Our gender studies we did for Brenda in the early days of Purple Moon showed that emotional development and the corresponding emotional language is a much richer tapestry with girls than boys. There are aspects of the social dynamics within girl’s lives that I believe most men never have a sense of, let alone ability to value or articulate it in design.

Not only are women’s lives more dimensional, the bar continues to rise for what it takes for the average woman to feel like a success. This sense of inadequacy increases as science develops new metrics of understanding and cultural awareness increases as an interconnected world accelerates us. Generally there are just an increasing number of variables and distinctions about them and all the while, expectations on women are to demonstrate mastery of all their domains.

I believe that we need more women designers. They understand these pressures both practically and intuitively. Until women are more able to influence design, the experience of many products will lack as deep of a connection as they might. I have argued for over a decade that women represent an untapped market in the trillions. Slowly strides have been made. But I remember talking with the VP of the Decision Center for one of the automobiles companies. He argued that what a team of women designing a car would do “make a better space for a purse?”. I don’t know what women would do to redesign a car. But I do know that this particular car company had fewer than 5% of its design staff as women. With so few women the company will never have the perspective or the resources to discover this new ground.
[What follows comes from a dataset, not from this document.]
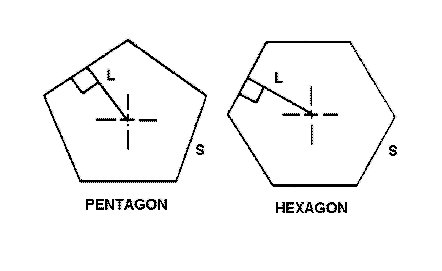 Area of a regular polygon = # of sides ( (side length x bisector length) / 2)
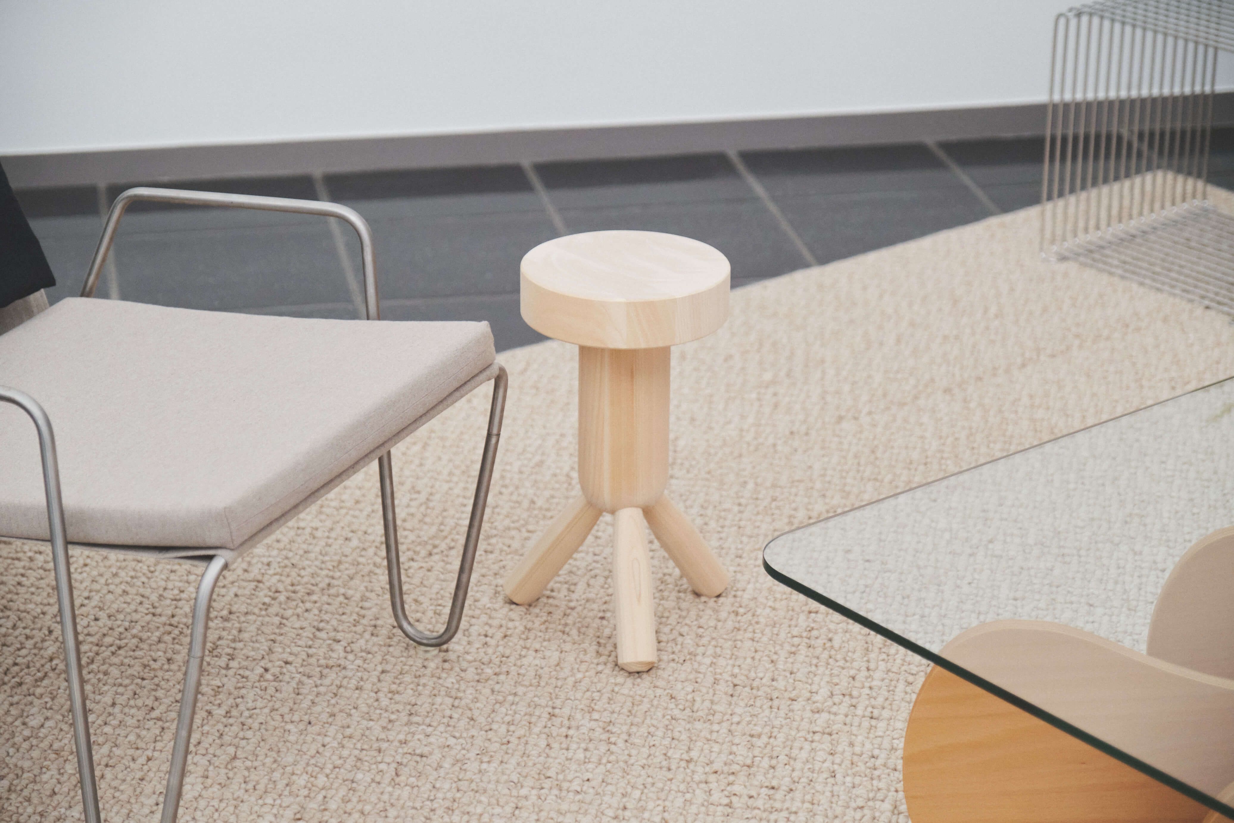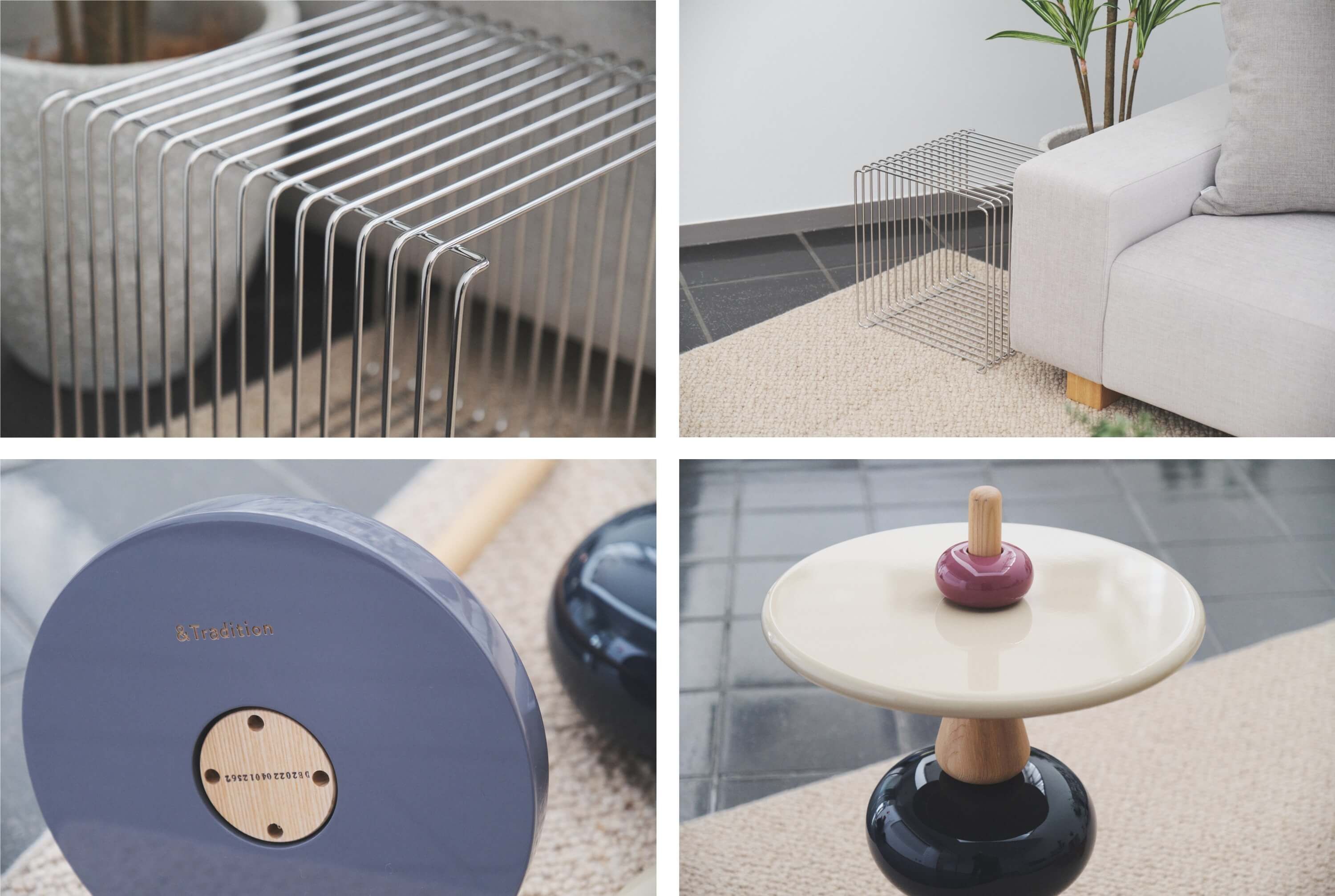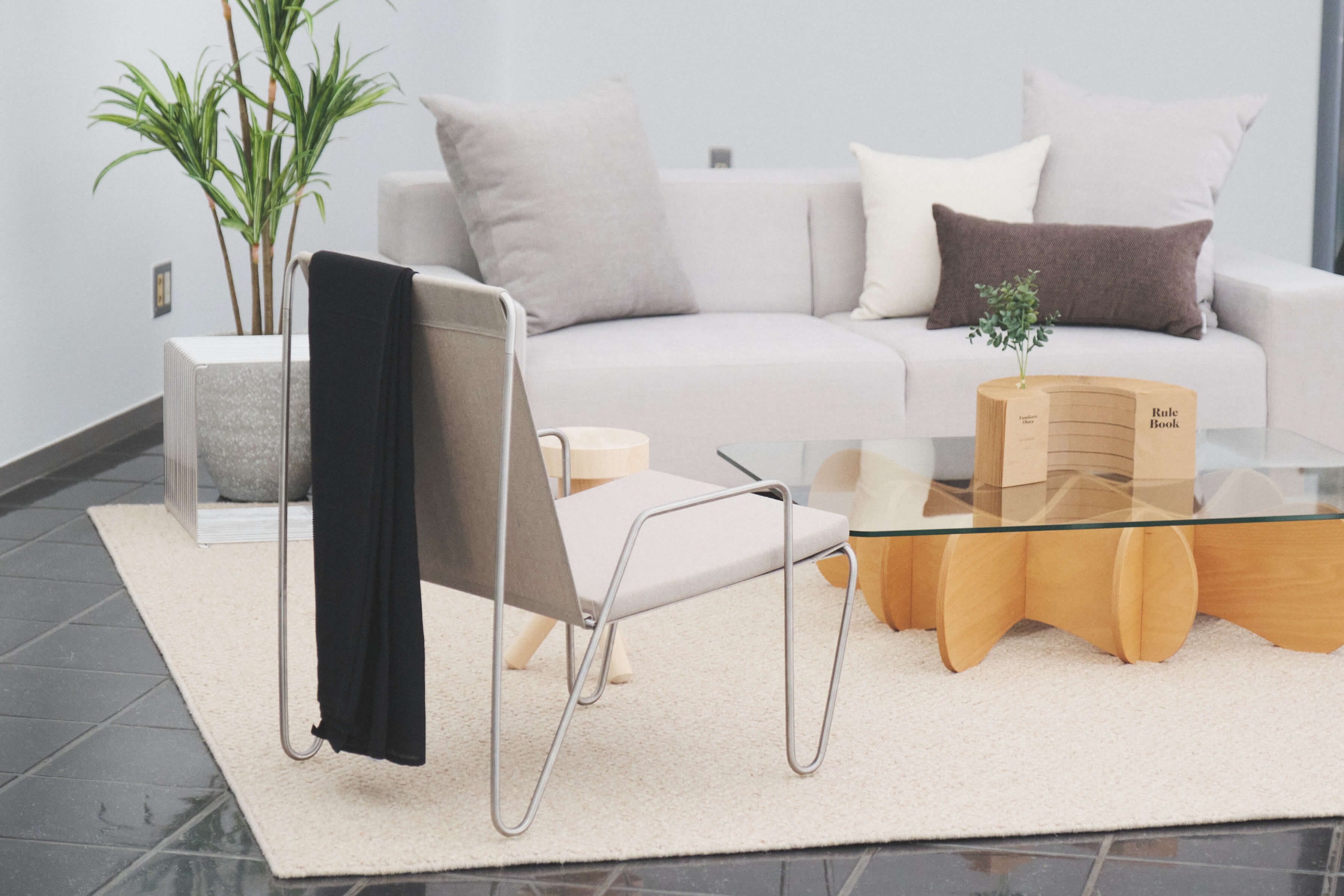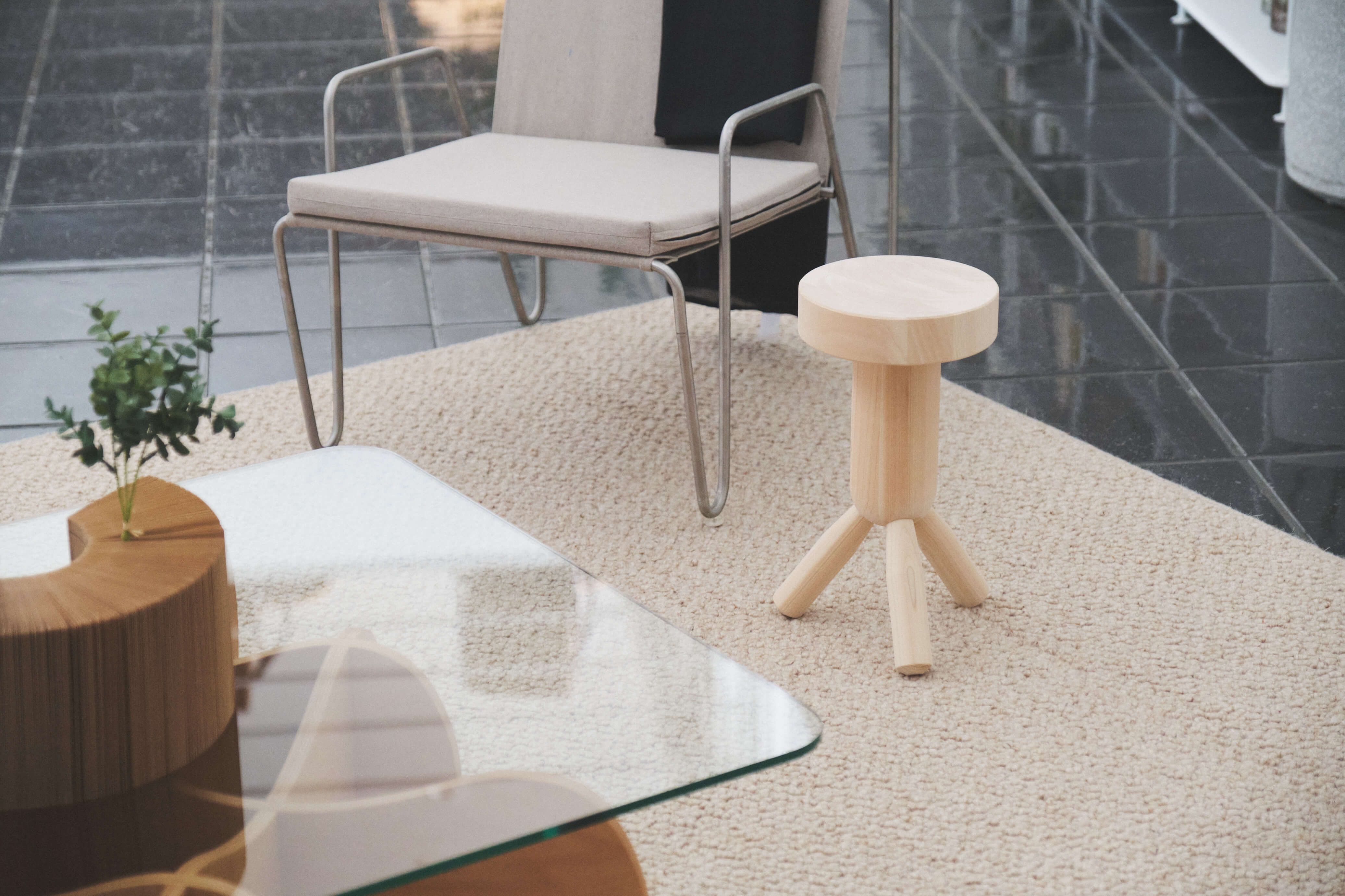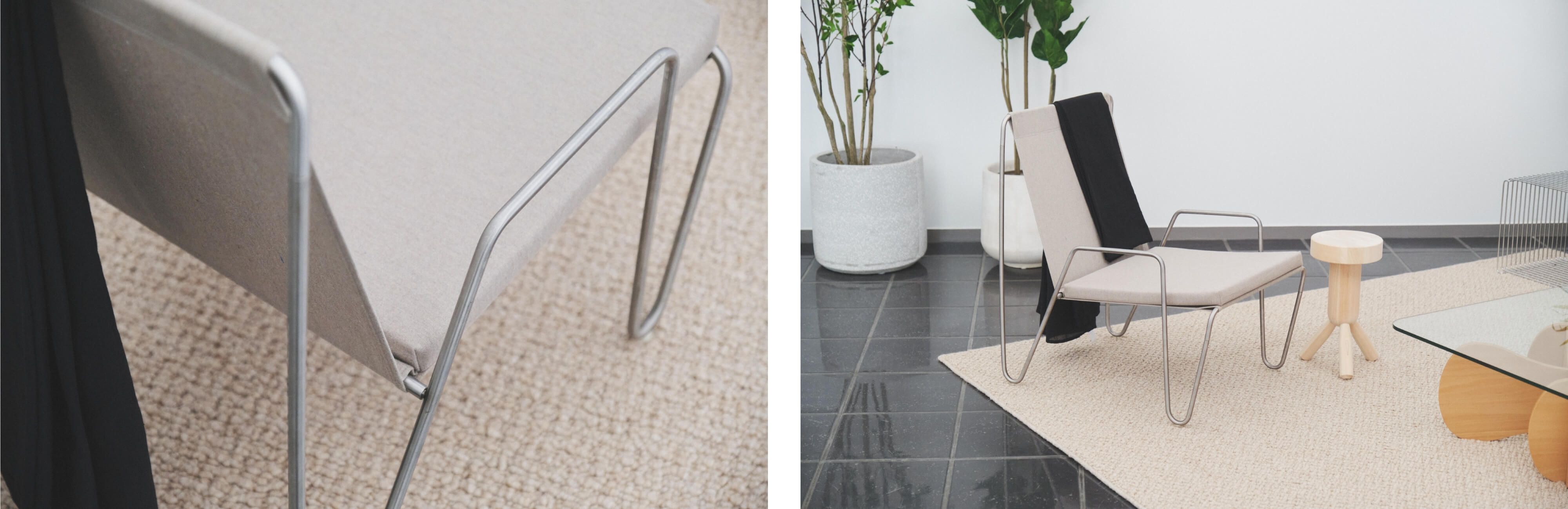 固いイメージのある金属パイプのバチェラーチェアと、ヒノキが主材のトコノマスツール。

There are so many areas where women needs and desires are divergent from men’s. For instance, while the average 18 year old male defines the experience of a music speaker by the size and penetrating resonance of its subwoofer, most women think of the speakers as an eyesore or an obstacle to great interior design. The speaker designs are generally between Mars and Venus. But there are many women who love Home Theaters not only for the entertainment but also because the trend is for speakers inside the wall and out of the way. This speaker example is just one of many where the solution to meet women’s needs is not about a compromise but an entirely different perspective. If there were more women involved in design, this change in speakers might not have had to wait until the home theater revolution evolved.

Women have such an enormous buying power it is unfortunate that there are so few women designers to help unleash this power. At a time the global economy needs new markets with BIG ideas and FRESH alternatives, the women’s market will remain largely untapped at least as addressed in the world of industrial design and interaction.

I hope that design, like science and technology can attract more women to their fields. With these skills women can design a world that better suits their needs. The need is enormous and grossly underserved.